In an STP model, orders are routed to external providers. The spread may include a markup. Some STP brokers also charge commission. Execution is automated and faster than a manual dealing desk.
In an ECN model, the spread is sourced directly from liquidity providers with no markup. A fixed commission is charged per round turn lot. The commission is charged at the point of opening the trade and covers both the open and close. Execution is non-dealing desk, automated, and reflects real-time market pricing from the liquidity network.
The total cost of any trade is the sum of the spread at execution plus any commission. On a raw spread account where EURUSD is quoted at 0.2 pips, a 1.0 standard lot trade on a USD account would carry a spread cost of approximately $2 plus the per-lot commission. Understanding this combined cost, rather than focusing only on the advertised minimum spread, is essential when comparing account types.
Who Benefits Most from Each Model?
The right model depends on how you trade.
Market maker and standard spread accounts tend to work well for traders who hold positions for extended periods, trade at lower volume, or whose strategy is not sensitive to small differences in entry and exit price. The all-in cost is contained in the spread, there is no commission to factor, and execution is predictable under normal conditions.

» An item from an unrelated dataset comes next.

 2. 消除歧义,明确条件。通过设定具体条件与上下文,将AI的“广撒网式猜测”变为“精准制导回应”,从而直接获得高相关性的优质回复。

STP execution offers faster processing than a traditional dealing desk and pricing that reflects market conditions more directly. It suits traders who want non-dealing desk execution without necessarily needing the tightest raw spreads.

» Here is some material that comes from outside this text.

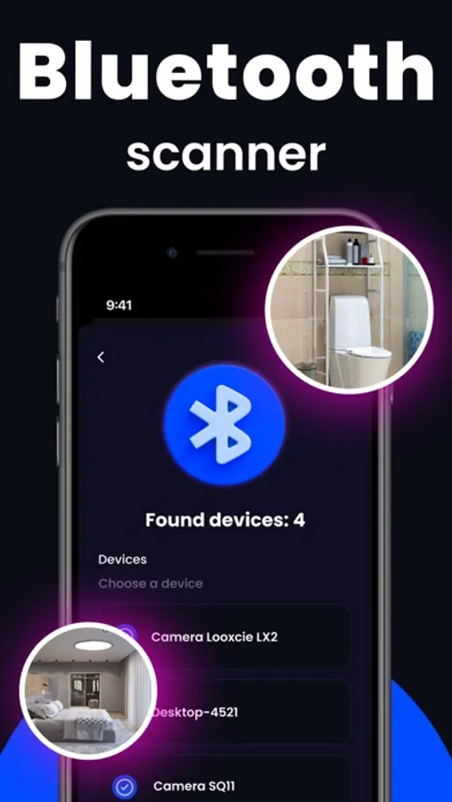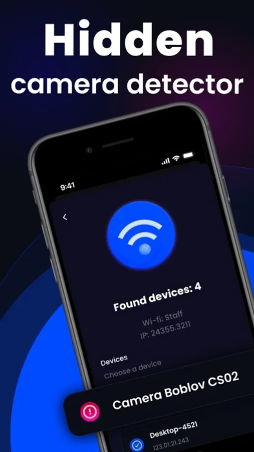 Hidden Camera - Spy Detector is a scanner app that discovers linked network devices. Discovers all the devices connected to your WiFi. The application also scans the Bluetooth network. Shows the distance to Bluetooth devices.
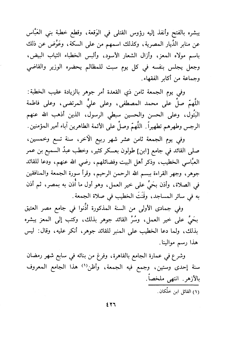 وشرع في عمارة الجامع بالقاهرة، وفرغ من بنائه في سابع شهر رمضان سنة إحدى وستين، وجمع فيه الجمعة، وأظن [1] هذا الجامع المعروف بالأزهر. انتهى ملخصا.

ECN and raw spread pricing benefits traders who execute frequently, scalp small price movements, run algorithmic or expert advisor strategies, or trade large volumes where small differences in spread cost per lot accumulate meaningfully. With a fixed, predictable commission and tight spreads during liquid hours, the per-trade cost structure is transparent and manageable at scale.

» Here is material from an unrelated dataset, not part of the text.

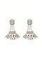 Featuring a pair of silver dangler earrings studded with brass chain, glass crystals, thread and beads, set in suede.
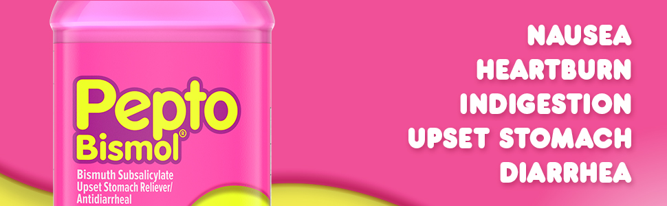 The original upset stomach and diarrhea reliever. Relieve heartburn, indigestion, nausea, upset stomach, and diarrhea with the smooth original liquid formula that comes with just a hint of a fresh wintergreen taste. Use as directed. Bismuth Subsalicylate. Upset Stomach Reliever Antidiarreheal. Whether you’re looking for relief in liquid, chewables, or caplets Pepto-Bismol has you covered. With five-symptom digestive relief, it’s no wonder that we’re the No. 1 pharmacist-recommended brand for relief of upset stomach due to overindulgence in food and drink. Get five-symptom digestive relief from: Heartburn Indigestion Nausea Upset Stomach Diarrhea And, when little tummies get upset, turn to Children's Pepto Antacid Chewable Tablets for help. When belly woes hit, Pepto-Bismol has you covered. Based on Pharmacy Times OTC survey 2013 (Upset Stomach Remedies Category).

Spreads During News Events
Regardless of the broker model, spreads widen during high-impact news events, at market opens and closes, and during periods of low liquidity. This applies to all three execution types.
For ECN accounts, where spreads are passed directly from the liquidity pool, this widening reflects genuine market conditions. When liquidity providers widen their quotes, those wider prices reach the trader directly. For market maker accounts, the broker may apply additional widening on top of market conditions.
If you trade around news events, it is worth checking whether any trading restrictions apply at specific times. On certain account types or leverage configurations, specific margin requirements may apply during defined windows around high-impact releases.
Trading ECN at TIOmarkets
TIOmarkets offers a Raw account that operates on a raw spread, commission-based model. Spreads start from 0.0 pips, sourced from multiple liquidity providers. The commission is $6 per round turn lot, charged when the position is opened, and covers both the open and the close of the trade. The minimum deposit for the Raw account is $250 or currency equivalent. Leverage on the Raw account is up to 1:500 on request. The Raw account is available on both MT4 and MT5, with a minimum lot size of 0.01 lots.
The Raw account sits alongside the Standard account, which carries spreads from 1.1 pips with no commission and a $20 minimum deposit, and the VIP Black account, which carries spreads from 0.3 pips with no commission and a $1,000 minimum deposit. All accounts support hedging and are available on MT4 and MT5. A Standard account is created automatically on registration. Raw and VIP Black accounts must be opened separately via the client area.
Spreads on all accounts are variable and typically higher than the minimum figures shown. Subject to change depending on market conditions and applicable regulatory requirements. Orders are executed at the best available market price, which may result in positive or negative slippage.
A swap-free Islamic account is available. Contact TIOmarkets for eligibility requirements and instrument availability. Copy trading is also available, allowing followers to copy strategy providers in real time across MT4 and MT5.